Il permet à l’enfant de coopérer naturellement, sans sentiment d’échec.

  1. Stimuler des zones du développement spécifiques

Chaque activité ludique/ par le jeu peut viser une compétence :

un puzzle : motricité fine (Capacité à faire les mouvements précis surtout avec les doigts et les mains ) + concentration

un ballon : coordination (Capacité d’utiliser plusieurs parties du corps ensemble, de façon harmonieuse (exemple attraper une balle, sauter a la corde..) + équilibre

jeux d’imitation : langage + gestuelle

parcours au sol : motricité globale (Capacité a effectuer de grands mouvements avec le corps exemple courir sauter, grimper) + tonus

Ainsi, le jeu devient un soin à part entière.

  1. Impliquer les parents

Au Togo, la famille a une place centrale. En rééducation, les parents apprennent des jeux simples qu’ils peuvent refaire à la maison.
Ces activités, même sans matériel sophistiqué, renforcent les progrès :
une bouteille en plastique, un chiffon, un seau, un ballon… deviennent des outils thérapeutiques.

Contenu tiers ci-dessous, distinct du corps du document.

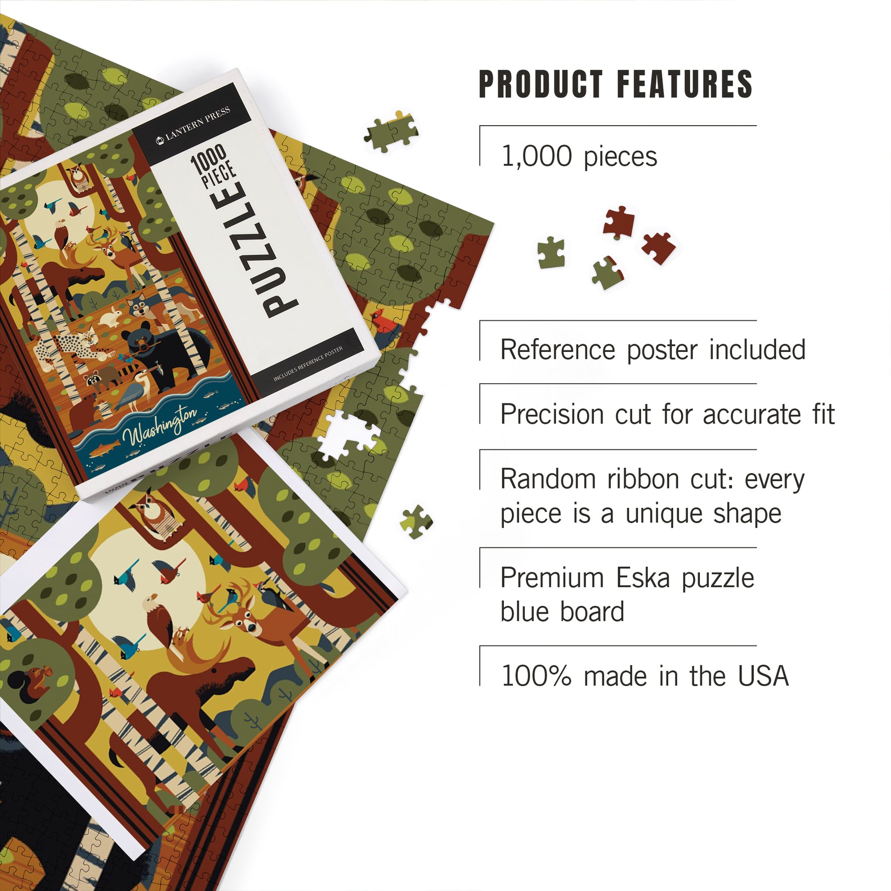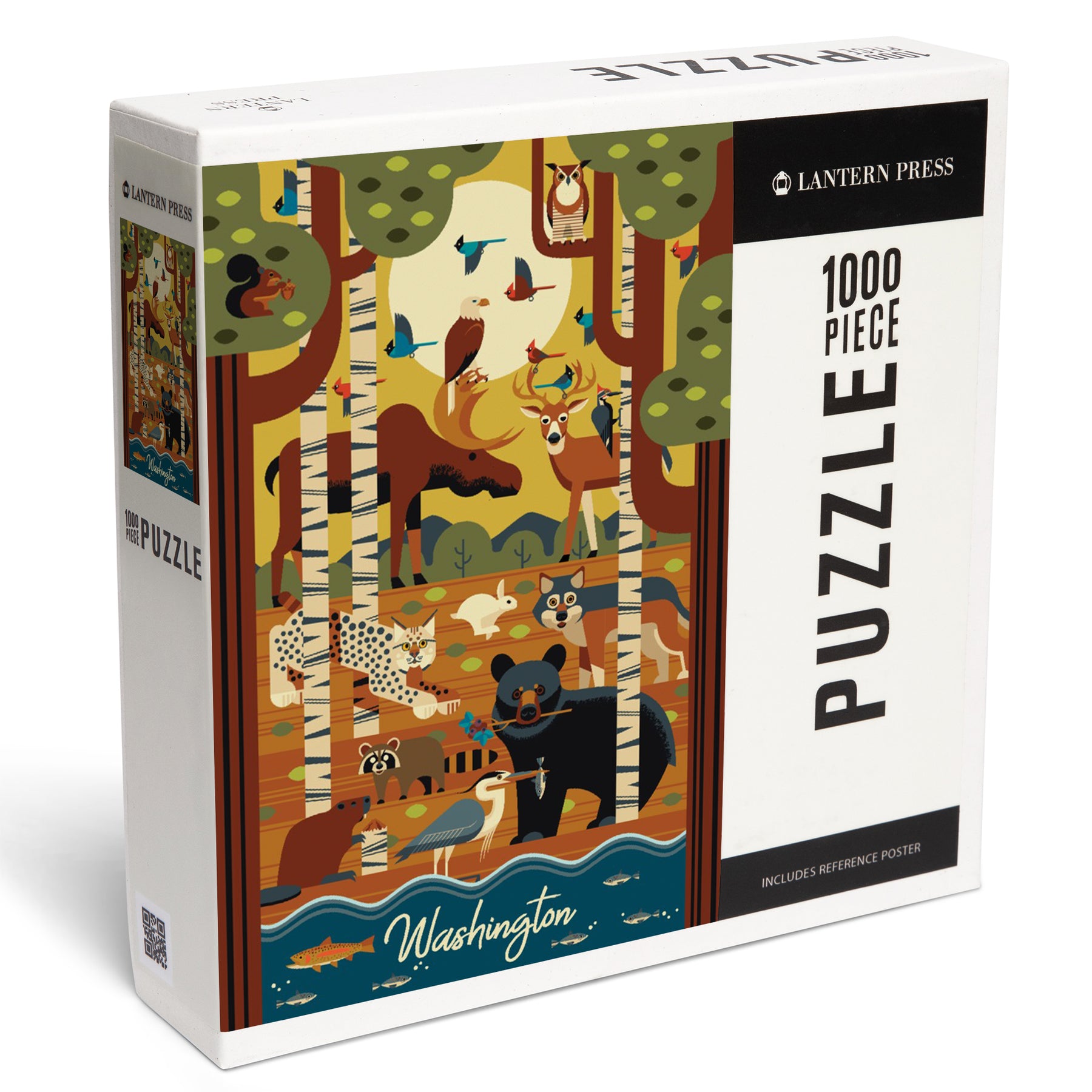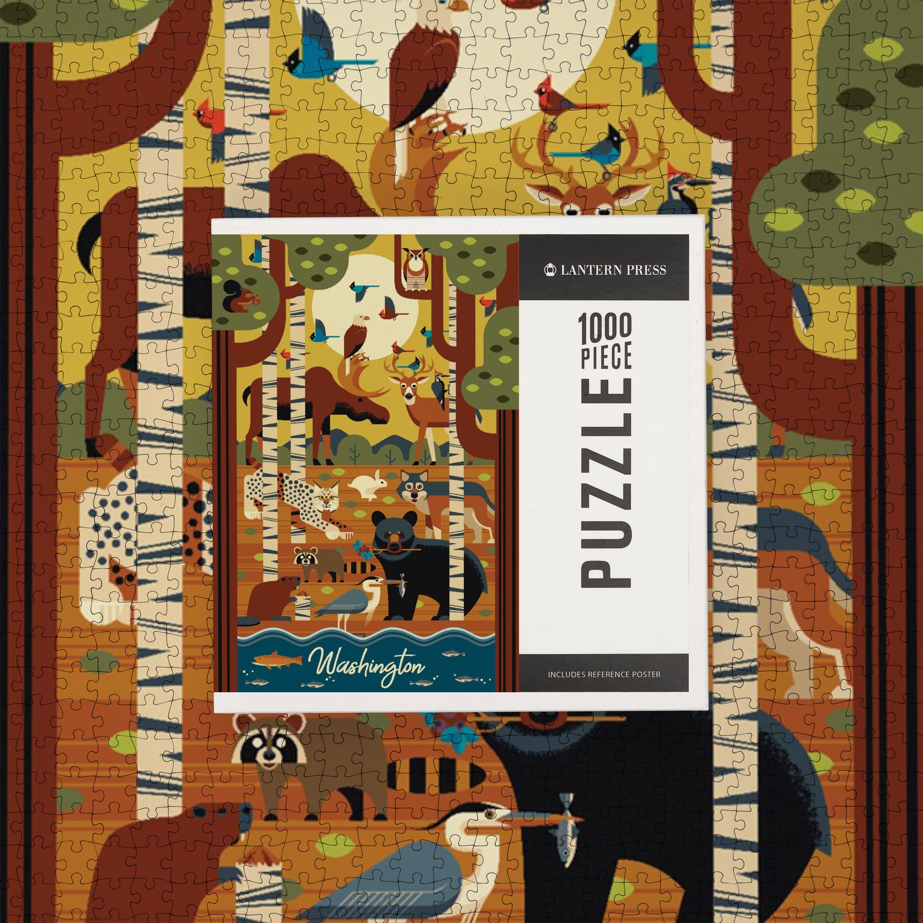Washington, Geometric, Forest Animals, Jigsaw Puzzle Puzzle Lantern Press
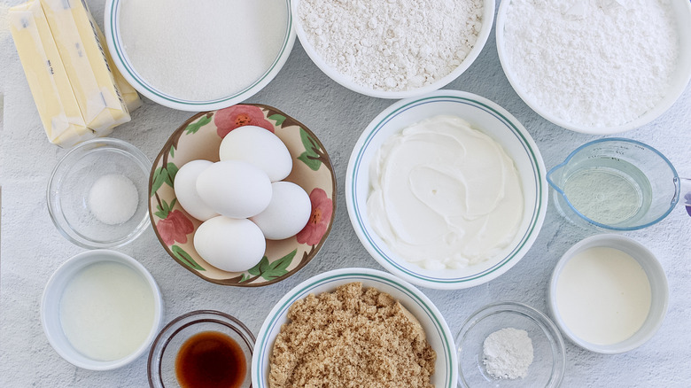 Once you're ready to begin, you will need to head to the grocery store, and grab the necessary ingredients. Pick up unsalted butter, granulated sugar, vegetable oil, sour cream, large eggs, cake flour, baking powder, salt, vanilla extract, brown sugar, buttermilk, heavy cream, and powdered sugar.
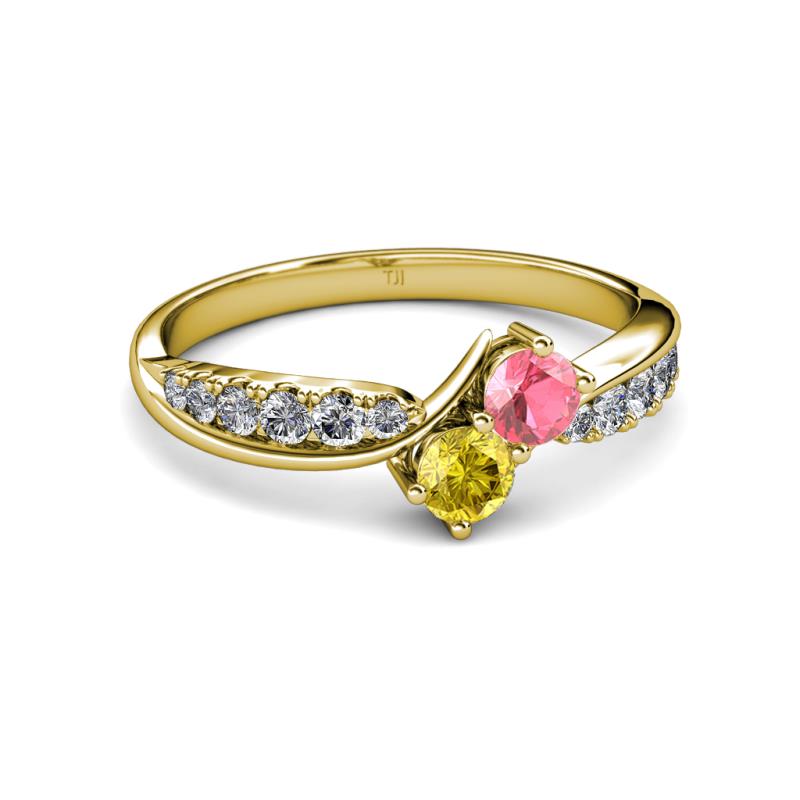 Pink Tourmaline and Yellow Sapphire 2 Stone with Side Diamonds Bypass Engagement Ring 0.76 ct tw in 14K Yellow Gold. More Details ...
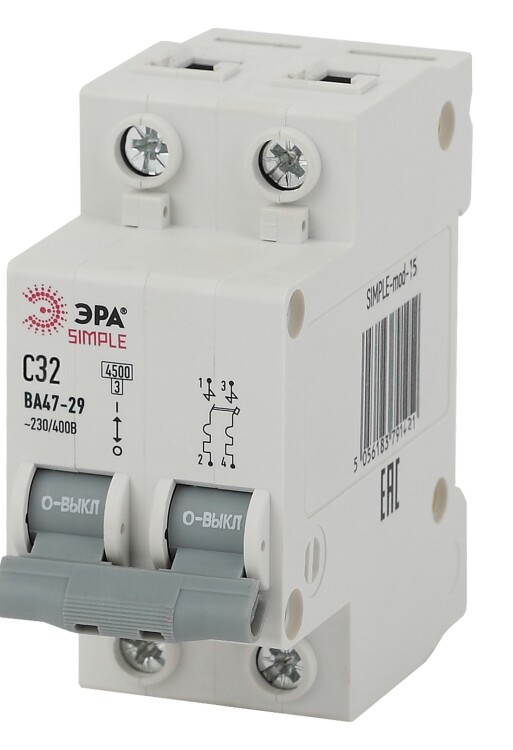 Автоматический выключатель ЭРА SIMPLE SIMPLE-mod-15 2P 32А (C) 4,5кА ВА 47-29

Le rôle des parents : encourager le jeu au quotidien

L’enfant a besoin de sécurité, mais aussi de liberté pour explorer.

En guise de quelques conseils simples : laissez l’enfant bouger, grimper, ramper, courir (dans un environnement sécurisé), limitez les écrans, qui réduisent les interactions et la motricité, privilégiez les jouets simples et accessibles, participez au jeu car un enfant qui joue avec un parent s’épanouit plus vite.

Young mixed race parents with children having fun together outdoors, playing football on green grass

Par ailleurs, il est nécessaire d’encouragez, félicitez, valorisez les enfants : la confiance est un moteur de progrès.

Un appel à la société togolaise

Pour favoriser un développement harmonieux des enfants togolais, la place du jeu doit être reconnue : dans les familles, les écoles, les centres de santé, les quartiers.
Un enfant qui joue bien est un enfant qui se développe mieux, apprend mieux… et vit mieux.

Conclusion

Pour finir, le jeu est une langue universelle. C’est le moyen le plus naturel pour un enfant de grandir, de découvrir et de se soigner. En rééducation kinésithérapique pédiatrique, il est un outil puissant qui permet de stimuler les compétences, d’encourager la motivation et de reconstruire la confiance. Jouer, c’est se développer. Jouer, c’est guérir. Jouer, c’est grandir.